Thermocouples are among the easiest temperature sensors to use and obtain and are widely used in science and industry. They are based on the Seebeck Effect or Thermoelectric Effect that occurs in electrical conductors that experience a temperature gradient along their length.
They are “simple”, rugged, need no batteries, measure over very wide temperature ranges and more. They have their quirks, too, like everything else.
The solution to thermocouple uses and problems lies in the details of a given application.
Have a read through, click on the key topics below to get more detail about the thermocouple (TC), how it works, color codes, recommended use limits and thermocouple standards.
There is a link to an excellent article on how they work and notes on using thermocouples from a well-known expert on them – click here.
Don’t forget to check our temperature references pages for the many additional publications that provide a wealth of information on the theory and application of these very popular and rugged temperature sensors.
The applications are where the seasoned TC user and the novice part company and the one with know-how usually achieves the desired result. If all else fails to impress you to be thorough and careful with thermocouples, consider these few facts:
1. Thermocouples measure their own temperature. You must infer the temperature of the object of interest by being certain there is no heat flow between them when you take the measurement.
That’s easier than it sounds in some cases.
2. Thermocouples can err in reading their own temperature, especially after being used for a while, or if the insulation between the wires loses its resistance due to moisture or thermal conditions, or there are chemical, nuclear radiation or mechanical effects in the immediate surroundings.
3. Beware of electrical hazards using thermocouples. They are electrical conductors and even refractory oxide sheathed models at high temperatures, should they contact a source of electricity, could kill you!
4. Oh, Yes.Thermocouples DO NOT MEASURE AT THE JUNCTIONS!
They can’t, it is physically impossible to have a temperature gradient at a point.
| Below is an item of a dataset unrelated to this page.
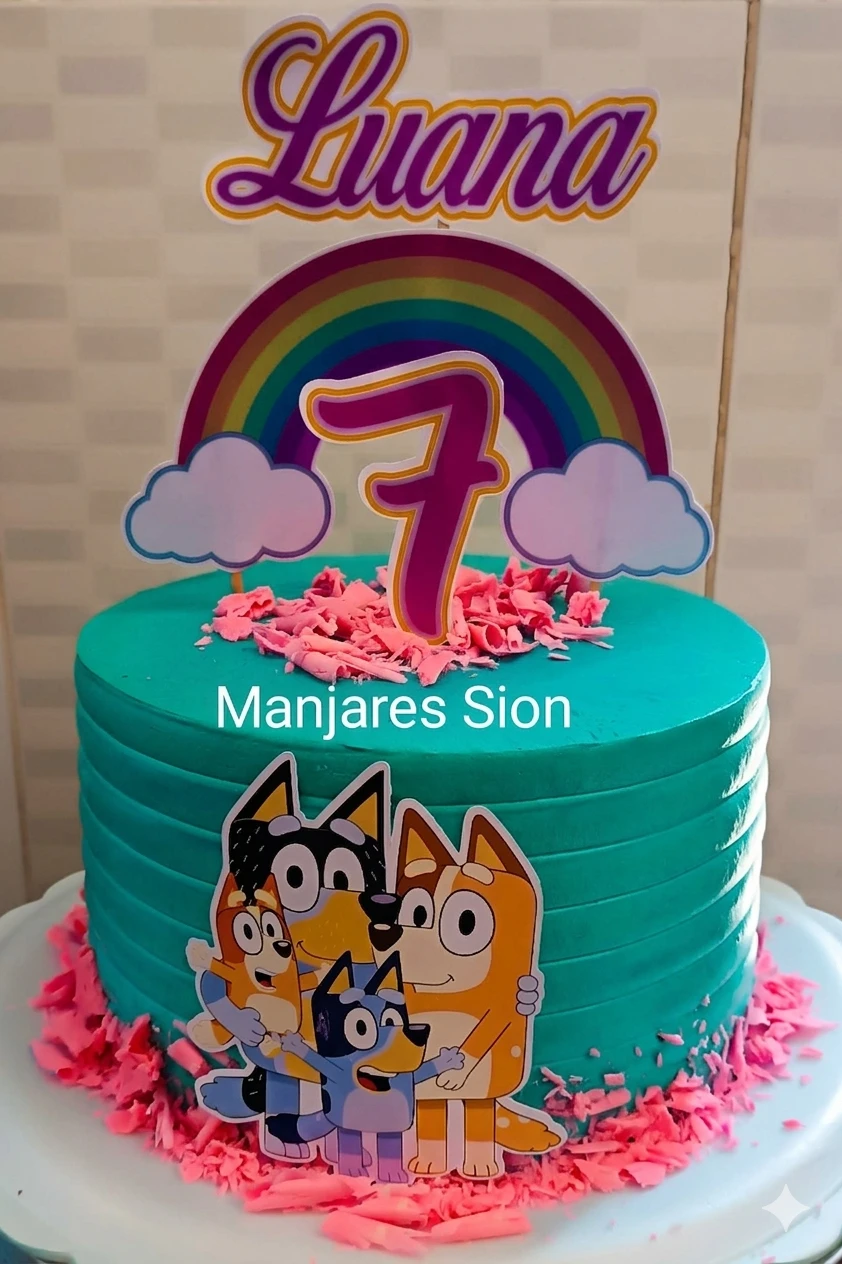 Título: Pastel Temático Bluey & Familia Dale un toque mágico a tu evento con nuestra creación exclusiva de Bluey. Este pastel cuenta con un acabado impecable en tonos turquesa, decorado con virutas rosas y toppers personalizados de alta calidad.

Also, the Electric Field Strength (i.e. volts/meter) at such an impossible condition would be infinite, sufficient to tear the materials apart.
So, if you want to understand TCs better, start with the very basics; learn about the Seebeck Effect and how thermocouples really work!
Also, if you use thermocouples, you need to have some way to interpret their small and non-linear output voltages.
There’s lots of ways to do it, the simplest being a measurement of the output voltage and looking up the value in a table of millivolts dc versus temperature AND correcting for the cooler junction not being at 0 °C, or 32 °F, according to your units inclination.
The high end is to hook the thermocouples up to a modern readout display or a DAQ module plugged into a PC and read away!
However, it is not a fool proof business and there are many subtle things about thermocouples and their uses that have made well-intentioned engineers, who thought they understood them, look like fools.
The hooking up and reading out are most often the easy parts of a measurement.
The selection, installation details and the conditions of use play a big role in obtaining a measurement that is accurate and reliable.
It’s like many measurement subjects, the devil is in the details and “simple” thermocouples have a lot of details!
Their context of use is perhaps the biggest, especially where relatively high temperature-above a few hundred degrees (on anyone’s scale) are the object of measurement.
Above a few thousand degrees, there are a whole range of additional problems.
Thanks for visiting and if you plan to use them, be careful, don’t get fooled by their apparent simplicity. Learn the details, start with the basics (What measurement precision do I need?-Is it realistic for using thermocouples, etc.etc?)
In other words always apply a systematic, measurement engineering approach.